Робин посмотрела на священника, принца и менестреля и еще плотнее закуталась в одеяло. Тристан положил посох Белого Источника подле нее и выбрал себе стул. Керен сделал то же самое, а Нолан занял кресло, поглаживая узкий серебряный браслет – символ своих богов. До конца ночи Робин спала, а трое мужчин бодрствовали, охраняя ее сон. Они держали наготове меч, браслет и лютню, чтобы в любой момент вновь сразиться с чудовищем. Но этой ночью оно не вернулось.
Кантус с любопытством обернулся, глядя на тысячи волчьих глаз, наблюдающих за ним со всех сторон. Однако, волки даже и не пытались на него нападать, так что мурхаунд больше не стал обращать на них внимания.
Выполнив свою задачу, собака тут же о ней забыла. Бой был тяжелым, но врага удалось победить, а рана на плече уже начала затягиваться. Его мысли вернулись к людям и покинутому дому. Он начал скучать по Тристану, Дарусу и Робин.
Кантус понюхал воздух, не обращая внимания на запахи разоренной фермы, ворон и стервятников. Он искал запах своего дома. Долгие минуты изучал горизонт. Наконец, какой-то древний животный инстинкт подсказал мурхаунду правильное направление, и он поплелся на юг. Путешествие, чувствовал пес, предстояло долгое, а его плечо еще только начало заживать, – так что сейчас Кантус решил не торопиться. Тысячи волков увидели, что их новый вожак покидает разоренную ферму. Животные побросали мясо и кости и спустились с окружающих холмов. Единой колонной они пошли вслед за Кантусом.

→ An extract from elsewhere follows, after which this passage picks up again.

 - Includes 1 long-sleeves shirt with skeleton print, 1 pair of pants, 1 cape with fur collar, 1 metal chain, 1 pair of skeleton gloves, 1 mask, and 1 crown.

Целую неделю северяне грабили город, однако близко к замку не подходили. К большому удивлению Тристана, они не стали сжигать город, как это было с восточными поселениями. Видимо, на время осады замка захватчики решили встать в городе на постой. По ночам лагерные костры горели далеко вокруг Корвелла – город мог вместить лишь небольшую часть огромной армии.

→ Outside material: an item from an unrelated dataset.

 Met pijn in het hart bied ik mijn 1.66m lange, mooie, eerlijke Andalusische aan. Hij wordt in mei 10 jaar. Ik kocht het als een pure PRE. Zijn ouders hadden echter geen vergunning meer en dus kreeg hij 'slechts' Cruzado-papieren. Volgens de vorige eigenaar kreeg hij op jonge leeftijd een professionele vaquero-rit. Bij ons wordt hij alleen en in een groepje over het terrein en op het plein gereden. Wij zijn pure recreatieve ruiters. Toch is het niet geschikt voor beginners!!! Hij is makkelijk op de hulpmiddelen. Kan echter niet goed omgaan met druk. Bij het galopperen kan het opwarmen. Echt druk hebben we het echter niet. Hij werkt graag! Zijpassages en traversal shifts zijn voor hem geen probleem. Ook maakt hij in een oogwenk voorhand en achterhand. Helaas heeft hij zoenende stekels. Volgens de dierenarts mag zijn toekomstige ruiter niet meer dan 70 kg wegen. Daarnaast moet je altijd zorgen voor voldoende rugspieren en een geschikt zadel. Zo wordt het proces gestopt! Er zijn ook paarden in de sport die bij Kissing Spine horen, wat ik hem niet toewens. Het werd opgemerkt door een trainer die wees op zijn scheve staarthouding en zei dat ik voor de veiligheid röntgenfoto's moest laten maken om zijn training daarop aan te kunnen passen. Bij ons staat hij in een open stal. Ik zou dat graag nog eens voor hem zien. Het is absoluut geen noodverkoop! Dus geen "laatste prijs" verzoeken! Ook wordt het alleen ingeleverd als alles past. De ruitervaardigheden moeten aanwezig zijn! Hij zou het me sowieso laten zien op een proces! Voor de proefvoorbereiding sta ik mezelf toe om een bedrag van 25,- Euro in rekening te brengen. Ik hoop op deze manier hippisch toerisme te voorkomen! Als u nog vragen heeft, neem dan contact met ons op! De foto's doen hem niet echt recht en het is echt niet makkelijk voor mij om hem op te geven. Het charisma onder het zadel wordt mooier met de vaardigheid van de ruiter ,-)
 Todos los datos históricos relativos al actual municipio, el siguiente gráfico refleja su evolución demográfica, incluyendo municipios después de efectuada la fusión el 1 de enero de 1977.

Днем защитники замка видели, как вокруг, вне зоны обстрела лучников ффолков постепенно вырастают высокие конструкции. Все понимали: враг строит громадные осадные машины, без которых замок не взять.
Ффолки, тем временем, готовили Кер Корвелл к длительной обороне.

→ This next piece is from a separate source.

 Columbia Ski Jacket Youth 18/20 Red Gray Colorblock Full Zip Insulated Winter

Здоровенные котлы с маслом ставили у ворот и стен. Сотни стрел заготовлялись для многочисленных лучников гарнизона – их было почти полторы сотни. Пищу начали экономить, так, чтобы ее хватило на многомесячную осаду. Тристан много времени проводил с Робин. Силы медленно к ней возвращались, но девушка, в основном, лежала в постели. Друзья переселили ее в более безопасную комнату, ближе к центру башни, и Робин никогда не оставалась одна. Принц, отец Нолан, менестрель и Дарус по очереди сидели с ней, так что в любое время рядом находились надежные защитники. Однако больше нападений на Робин не последовало. Прошло несколько дней, прежде чем у принца появилась возможность побыть с Робин наедине: однажды вечером Тристан пришел охранять ее, а Керен отправился спать. Как только дверь за менестрелем закрылась, принц присел на кровать рядом с Робин и взял ее руку.
– Я думала о тебе, – призналась она с искренностью, в которой не было и тени застенчивости. – Тебя так долго не было!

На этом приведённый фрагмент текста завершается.